ChatGPT has exciting use cases. But it can also potentially ruin society if…
You will have heard about the wonders of ChatGPT by now. It is a miracle tool that has gripped the imaginations of millions of people. The capabilities of ChatGPT are incredible. It seems that it will bring humanity up to a new holy grail of productivity.
Or it will bring humanity down the abyss instead?
First, what is Generative-Artificial Intelligence (AI)? As this website explains,
Generative AI (GenAI) is the part of Artificial Intelligence that can generate all kinds of data, including audio, code, images, text, simulations, 3D objects, videos, and so forth. It takes inspiration from existing data, but also generates new and unexpected outputs, breaking new ground in the world of product design, art, and many more. Much of it, thanks to recent breakthroughs in the field like (Chat)GPT and Midjourney.
I am not optimistic about Generative-AI technologies like ChatGPT. It is not because I am pessimistic about the positive and amazing use-cases of tools like ChatGPT. I believe that IF it is used properly, it can be a force for good.
But it is a big IF.
Given what I have observed about human nature, it is very easy for things to go off the rails. If society is not careful, we will reap the dystopia within 10 years. How can it happen? There are at least 3 ways for dystopia to happen.
Positive feedback loop
I have seen a similar story before. As I wrote in my book, The Google Trap, there is a positive feedback loop with how Internet aggregators like Google works. As a result, the promise of meritocracy that Internet aggregators are supposed to bring about did not happen. For Generative-AI, the positive feedback loop works the same way. But the consequences are different.

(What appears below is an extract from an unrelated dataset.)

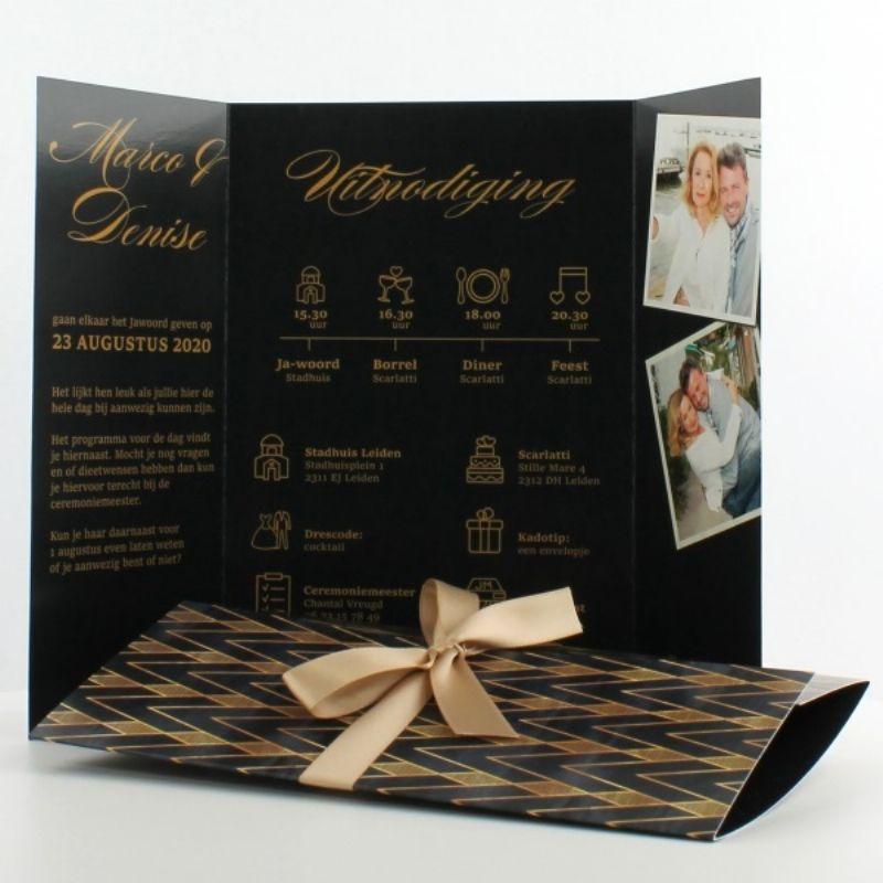 Blader, scroll of swipe door de ruime collectie huwelijkskaarten. Van Hip tot klassiek en alles daar tussenin. En vrijwel dagelijks komen er nieuwe designs bij. Kies een bijzondere kaart, bewerk de tekst, voeg eventueel eigen foto's toe en je kaart is klaar!

Here is the crux of the problem: Generative-AI is not inherently creative. It can accelerate the creative process, thus giving a semblance of creativity. But it is not inherently creative. Computer science is not yet able to creative machines that are inherently creative. Maybe it can happen in the future. But not today.
Generative-AI gets trained by vast inputs of human creativity. Based on what it has ‘learned’, it generates outputs. Because it is not inherently creative, it merely mimics human creativity. Individually, if you use Generative-AI as a tool properly, it can be a very useful productivity enhancing tool. But can it also be true collectively as a society?
Once a critical mass of content is produced using Generative-AI over a critical mass of time, such synthetic content will crowd out content produced by human creativity. The reason is because as more and more content are produced by Generative-AI, economic incentives will increasingly drive creative people out of business. For example, it will be much cheaper to get content produced by Generative-AI than to pay for a human to create something truly original. As more and more creative people get driven out of business, Generative-AI will depend on more and more synthetically generated content (produced by other Generative-AI) as inputs.
When that day comes, will there be enough inherently creative input produced by humans to train Generative-AI? Also, what if the outputs produced by Generative-AI got fed back as inputs for it to learn? As the outputs gets produced, it got fed back again as inputs, which spawns further outputs.
In that case, you get a positive feedback loop.
How will end-users of Generative-AI know that it is starting to fall into such a positive feedback loop? Will manual tweaking of content produced by Generative-AI be enough to act as a circuit breaker to end this vicious cycle? If this vicious cycle is not broken, you can be sure that there will be a dearth of quality and original content in future.
Deliberate misinformation
Next, what if bad actors with malicious intent deliberately feed misinformation for Generative-AI to learn?
Given the positive-feedback loop mechanism that I have described above, misinformation can get further and further entrenched in the absence of human intervention to act as a circuit breaker.
Rise of AI Hacking
It will be tempting for businesses to deploy AI chatbots (which can be seen as a derivative of Generative-AI) to power their customer service. But at this stage, hackers are now employing social engineering techniques to trick the chatbots into spilling secrets. As this article reported, a student was able to do that, which has cybersecurity implications.
This is an example of AI Hacking. What we see today is just the beginning. AI Hacking today is what cybersecurity was 15 to 20 years ago. If society do not have a plan to deal with it today, it is going to be a huge problem down the track.